When zone events are invoked via the knotc interface, it typically works
in the way that the event is planned to be performed later and "OK" is
returned just as an info that the command has been registered. The event
(zone backup in this case) happens per-zone and with some delay, when
some background-worker becomes available, and the outcome appears in the
log. On the contrary, if knotc is invoked with `-b` parameter, it waits
for the event to be performed synchronously, and collects the outcome of
the whole process (some error code handligs of this are currently
subject to ongoing improvements by my colleagues).
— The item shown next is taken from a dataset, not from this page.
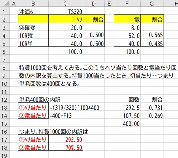 ヘソで当たった292.5回の内訳を凸20%,確40%,単40%で計算するとABCのようになります。

So, from the strace you sent me, I only see that some initialization has
been done and that the early "OK" has been returned, but there are no
traits of the backup process as such :(
Could you please collect somewhat longer strace, by watching when the
backup finishes in the logfile?
Thanks!
Libor
Dne 09. 12. 20 v 15:56 Thomas E. napsal(a):
Hi Libor,
yes, the backup command was executed and confirmed with "OK":
root@signer-0:/# knotc zone-backup +backupdir /tmp/backup
OK
I did it again and the output is the same.
Thanks,
Thomas
On 09.12.20 15:42, libor.peltan wrote:
> Hi Thomas,
>
> are you sure this strace has been collected while the issue was
> reproduced and half of the keys copied again?
>
> Maybe you just have deattached strace too early(?).
>
> Libor
>
> Dne 09. 12. 20 v 15:00 Thomas E. napsal(a):
>> Hi Libor,
>>
>> sure, here is the output:
>>
>>
>> root@signer-0:/tmp/backup/keys/keys# strace -p 9781
>> strace: Process 9781 attached
>> restart_syscall(<... resuming interrupted restart_syscall ...>) = 1
>> accept4(16, NULL, NULL, SOCK_NONBLOCK) = 23
>> recvmsg(23, {msg_namelen=0}, MSG_DONTWAIT|MSG_NOSIGNAL) = -1 EAGAIN
>> (Resource temporarily unavailable)
>> poll([{fd=23, events=POLLIN}], 1, 5000) = 1 ([{fd=23, revents=POLLIN}])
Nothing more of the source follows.